DATA EXTRACTS:
= Beginning of Section =

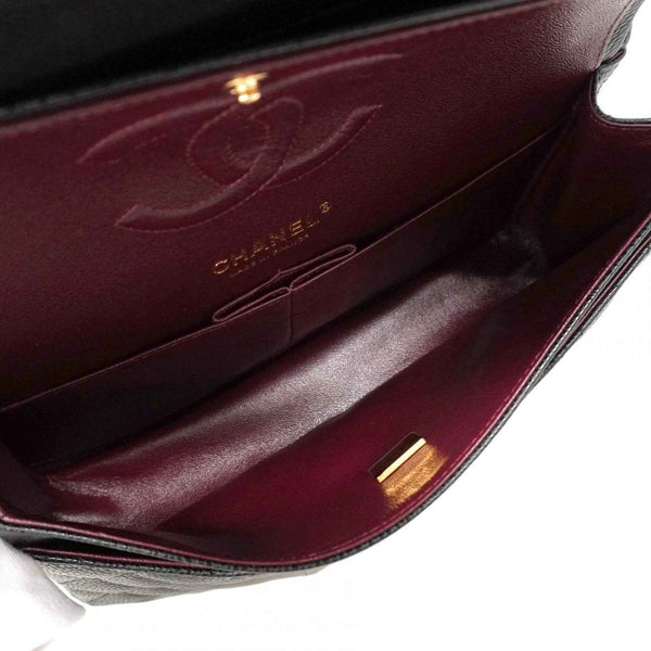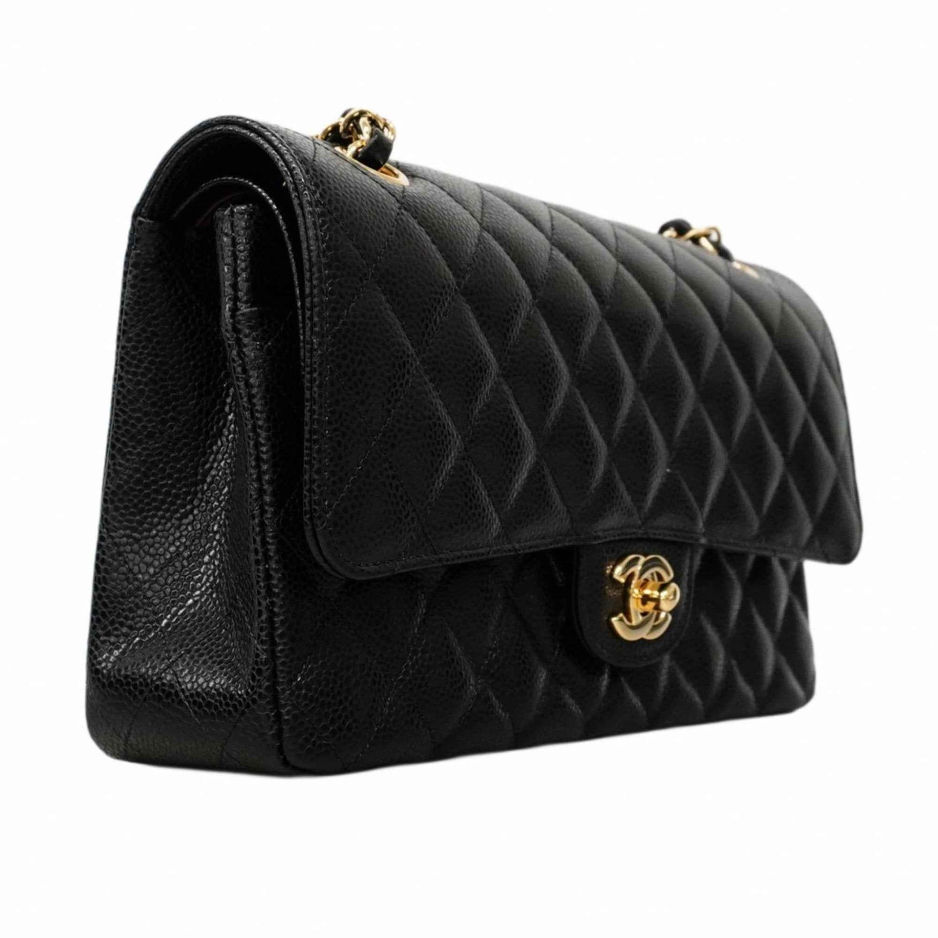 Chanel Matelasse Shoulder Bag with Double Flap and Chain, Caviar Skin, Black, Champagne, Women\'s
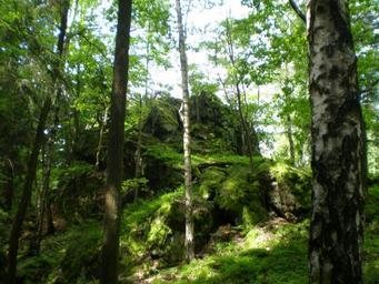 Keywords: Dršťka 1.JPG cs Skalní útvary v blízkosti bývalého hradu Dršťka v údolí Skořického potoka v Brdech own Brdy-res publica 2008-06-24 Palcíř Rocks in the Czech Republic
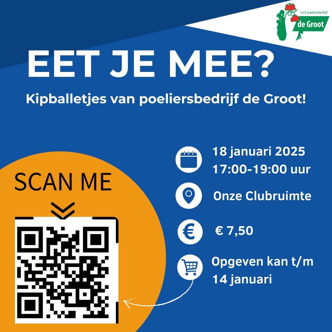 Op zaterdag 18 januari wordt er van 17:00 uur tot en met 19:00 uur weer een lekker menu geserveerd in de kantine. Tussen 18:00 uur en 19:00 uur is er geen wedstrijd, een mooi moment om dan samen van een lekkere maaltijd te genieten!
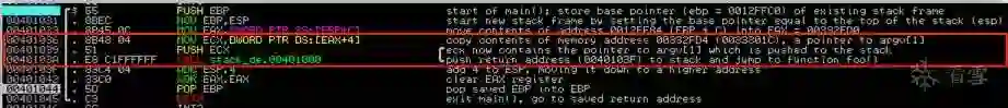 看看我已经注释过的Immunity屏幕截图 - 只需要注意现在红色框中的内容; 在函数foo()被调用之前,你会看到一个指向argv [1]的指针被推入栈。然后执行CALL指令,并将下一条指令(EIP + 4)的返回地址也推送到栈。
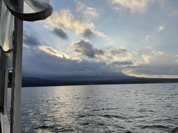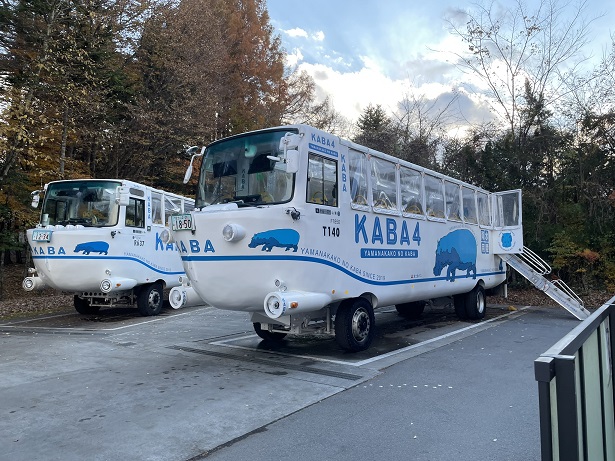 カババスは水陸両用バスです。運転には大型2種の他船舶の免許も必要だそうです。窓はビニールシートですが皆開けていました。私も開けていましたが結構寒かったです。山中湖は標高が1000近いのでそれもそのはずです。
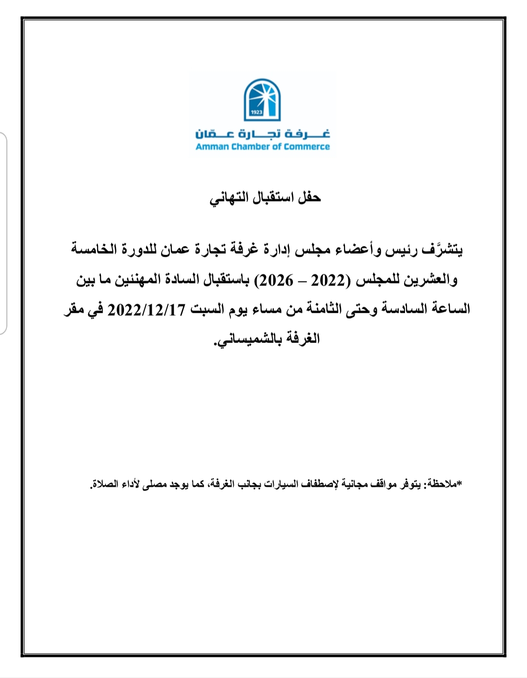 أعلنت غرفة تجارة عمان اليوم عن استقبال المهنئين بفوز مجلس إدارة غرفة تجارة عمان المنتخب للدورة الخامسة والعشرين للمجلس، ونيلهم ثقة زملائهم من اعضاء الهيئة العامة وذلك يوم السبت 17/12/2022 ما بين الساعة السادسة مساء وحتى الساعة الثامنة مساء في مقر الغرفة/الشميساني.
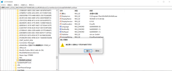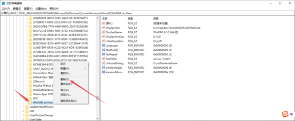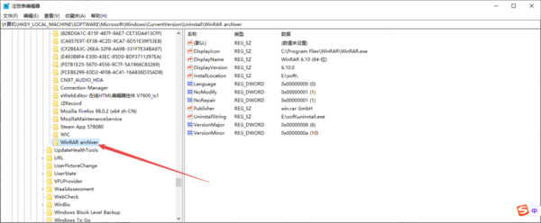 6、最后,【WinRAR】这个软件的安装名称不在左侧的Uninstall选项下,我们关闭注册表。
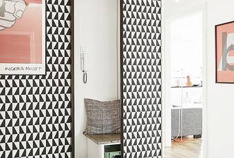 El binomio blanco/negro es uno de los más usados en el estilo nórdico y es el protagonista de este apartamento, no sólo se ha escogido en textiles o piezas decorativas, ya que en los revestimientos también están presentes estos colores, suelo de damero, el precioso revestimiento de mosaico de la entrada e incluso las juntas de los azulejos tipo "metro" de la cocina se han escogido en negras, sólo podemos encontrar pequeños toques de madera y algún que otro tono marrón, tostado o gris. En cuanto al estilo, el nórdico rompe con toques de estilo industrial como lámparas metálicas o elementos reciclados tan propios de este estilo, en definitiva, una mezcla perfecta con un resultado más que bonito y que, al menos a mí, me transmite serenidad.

= End of Section =
= Beginning of Section =

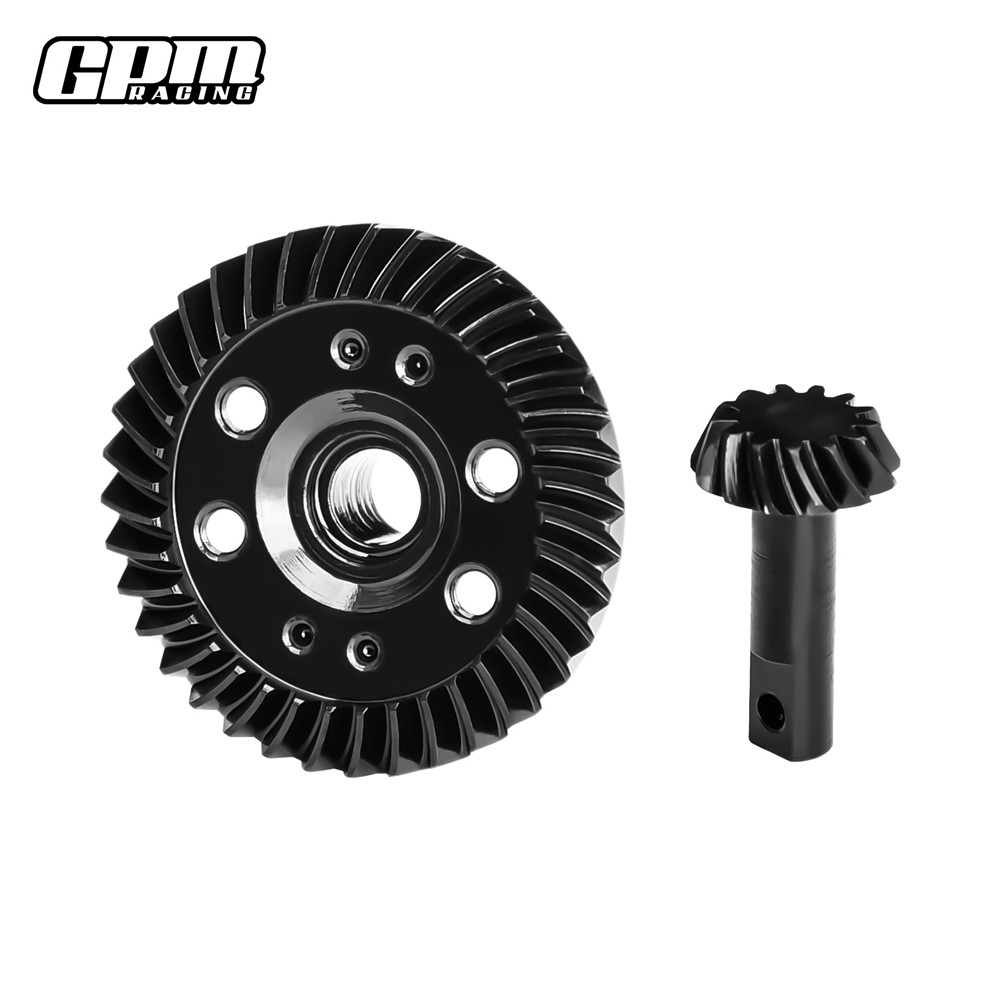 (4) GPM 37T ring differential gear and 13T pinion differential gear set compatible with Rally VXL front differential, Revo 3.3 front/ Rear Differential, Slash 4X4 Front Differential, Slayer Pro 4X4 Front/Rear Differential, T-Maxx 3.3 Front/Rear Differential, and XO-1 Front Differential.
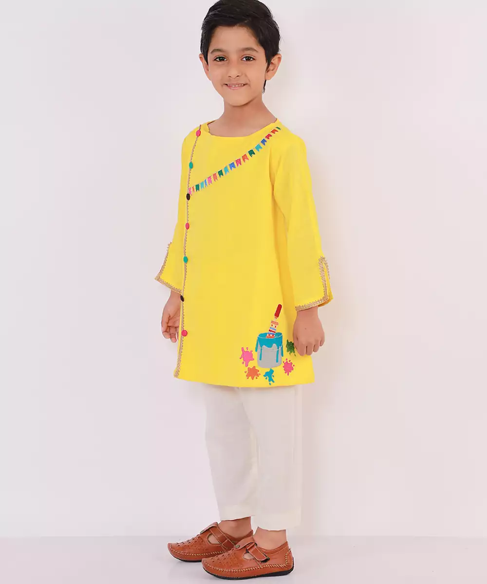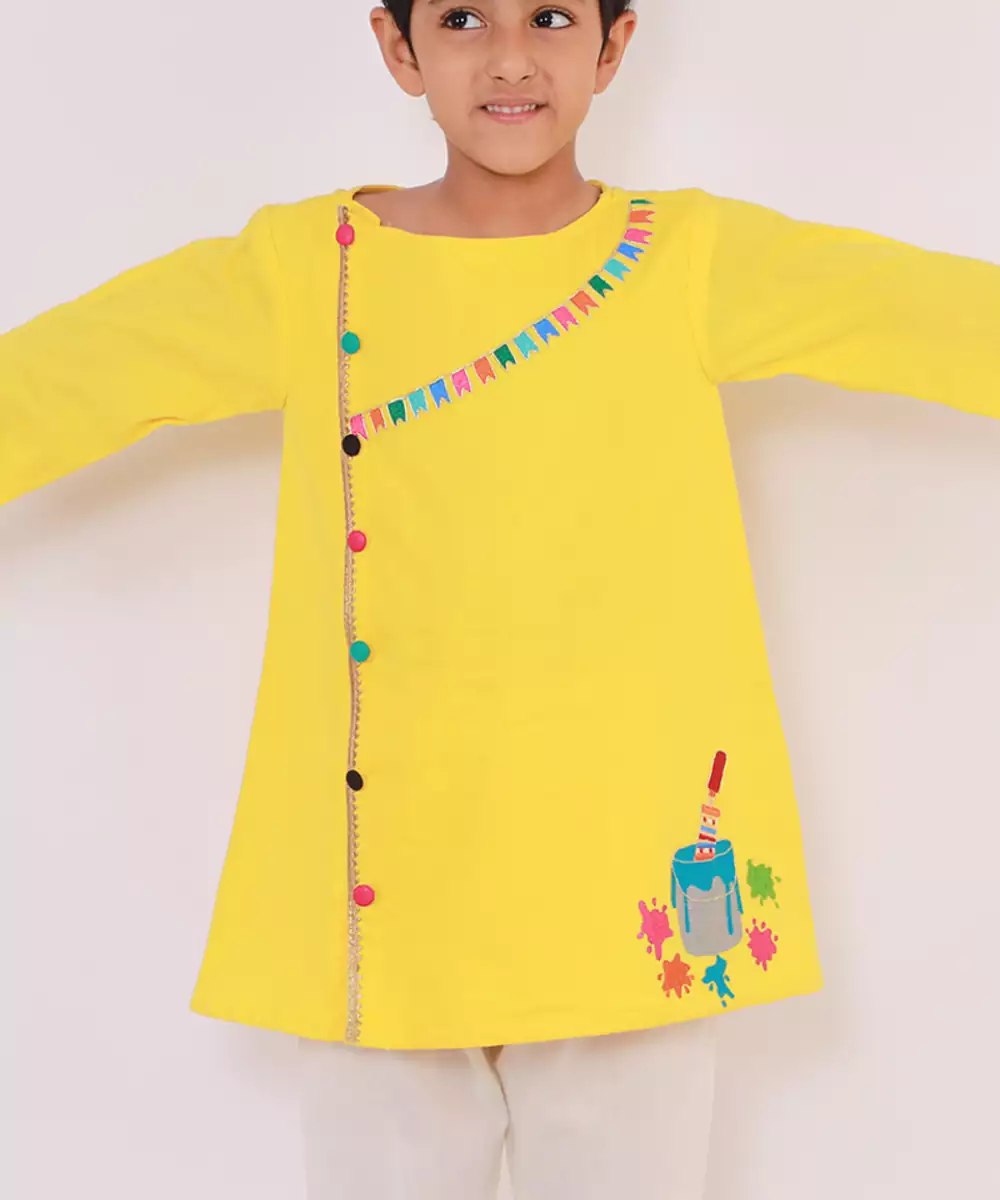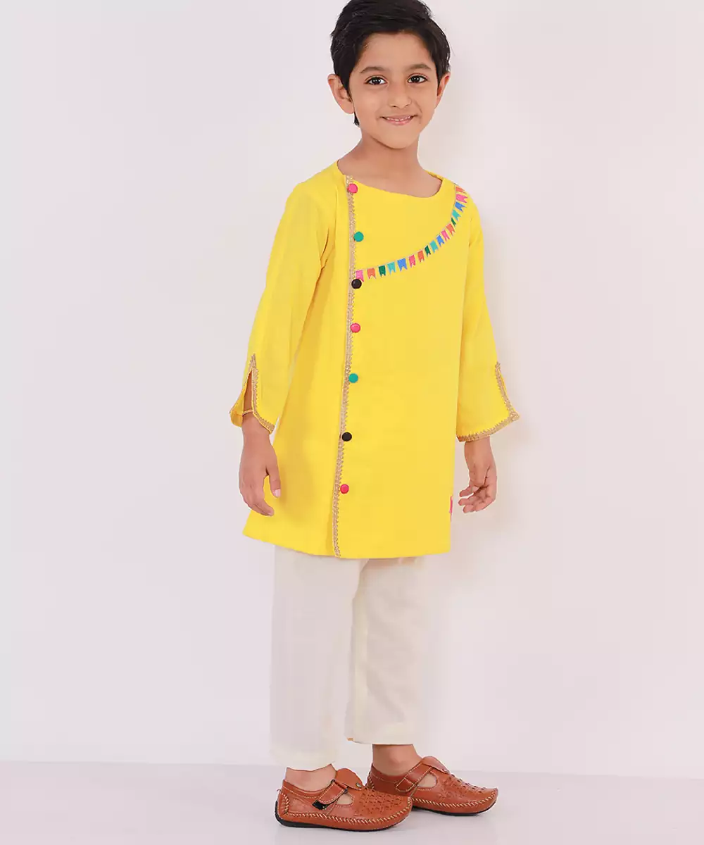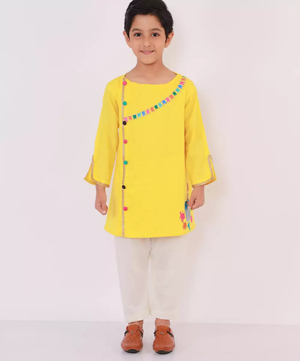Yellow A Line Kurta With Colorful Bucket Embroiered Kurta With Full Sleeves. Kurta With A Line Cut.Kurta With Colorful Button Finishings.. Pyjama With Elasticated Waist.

= End of Section =

THE PROBLEM: Using the data above, return the lines from the one holding "Chanel Matelasse Shoulder" through the one holding "6、最后,【WinRAR】这" exactly, but not the pictures.

RESPONSE FOR THIS EXERCISE:
 Chanel Matelasse Shoulder Bag with Double Flap and Chain, Caviar Skin, Black, Champagne, Women\'s
 Keywords: Dršťka 1.JPG cs Skalní útvary v blízkosti bývalého hradu Dršťka v údolí Skořického potoka v Brdech own Brdy-res publica 2008-06-24 Palcíř Rocks in the Czech Republic
 Op zaterdag 18 januari wordt er van 17:00 uur tot en met 19:00 uur weer een lekker menu geserveerd in de kantine. Tussen 18:00 uur en 19:00 uur is er geen wedstrijd, een mooi moment om dan samen van een lekkere maaltijd te genieten!
 看看我已经注释过的Immunity屏幕截图 - 只需要注意现在红色框中的内容; 在函数foo()被调用之前,你会看到一个指向argv [1]的指针被推入栈。然后执行CALL指令,并将下一条指令(EIP + 4)的返回地址也推送到栈。
 カババスは水陸両用バスです。運転には大型2種の他船舶の免許も必要だそうです。窓はビニールシートですが皆開けていました。私も開けていましたが結構寒かったです。山中湖は標高が1000近いのでそれもそのはずです。
 أعلنت غرفة تجارة عمان اليوم عن استقبال المهنئين بفوز مجلس إدارة غرفة تجارة عمان المنتخب للدورة الخامسة والعشرين للمجلس، ونيلهم ثقة زملائهم من اعضاء الهيئة العامة وذلك يوم السبت 17/12/2022 ما بين الساعة السادسة مساء وحتى الساعة الثامنة مساء في مقر الغرفة/الشميساني.
 6、最后,【WinRAR】这个软件的安装名称不在左侧的Uninstall选项下,我们关闭注册表。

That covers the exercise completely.